Its AI trip planner, called Quickstart, generates an itinerary with personalized recommendations based on the user’s traveling parties’ preferences and allows users to request any edits or changes via chatting with the AI. Users can sign up, click “Create a trip,” and select specific interests they want to include with a couple of clicks. The platform helps users book stays and flights. In the future, the company will allow users to share their trips on its blog.

“It’ll remind people of ChatGPT at first, but the visual layout and robust recommendations are what then make it feel unique,” Wilson said.

 

Image Credits: Pilot

Pilot works on affiliate mode: it’s free for consumers to use, and the company earns commissions from vendors when users book their travels through the Pilot platform. That being said, revenue has not been its focus now. “We’ve been building the platform to plan trips on and growing our community,” said Wilson. “This has set us up to now explore the limitless opportunities for monetization.”
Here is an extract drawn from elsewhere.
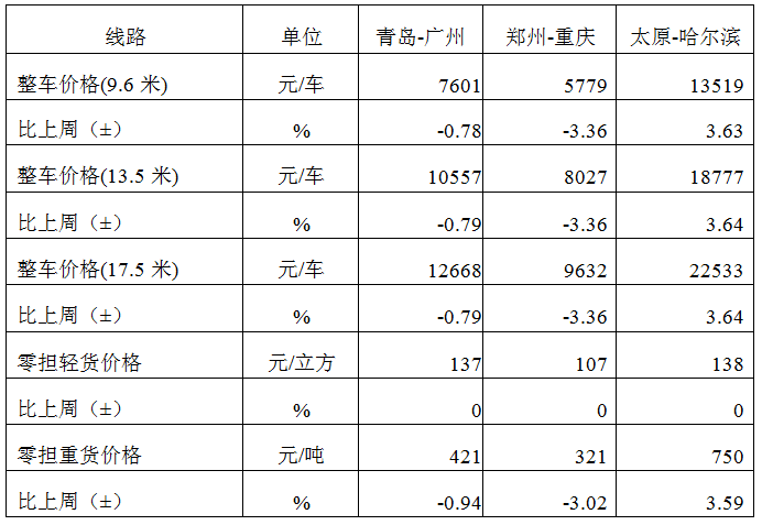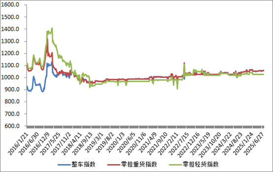分车型看,各车型指数环比小幅增长。其中,整车指数为1057.22点,比上周回升0.07%;零担轻货指数为1026.47点,比上周回升0.03%;零担重货指数为1059.37点,比上周回升0.20%。
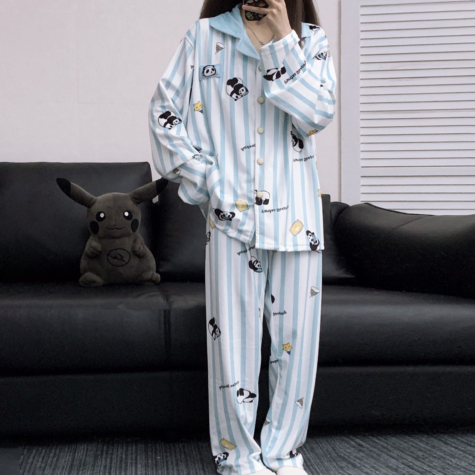 【商品名】【インナー】かわいいパンダ ストライプ柄 アイランドフリース 薄手 ルームウェア レディース 秋冬

Its web app is available to access worldwide, serving English-speaking countries; its mobile app is coming out later this year, he added. Pilot intends to expand further to the Latin American and Asia markets for travelers.

The outfit aims to benefit all types of travelers, but now its users are primarily underserved travelers. “Those that love to travel in groups of friends and backpackers, digital nomads, and remote workers looking to make the most of their shared experiences,” Wilson says.

Pilot was also a part of the Creative Destruction Lab’s accelerator program this year.

Pilot, which has raised roughly $650,000 from angel investors, is now looking to raise $4 million to focus more on building out its social side of the platform.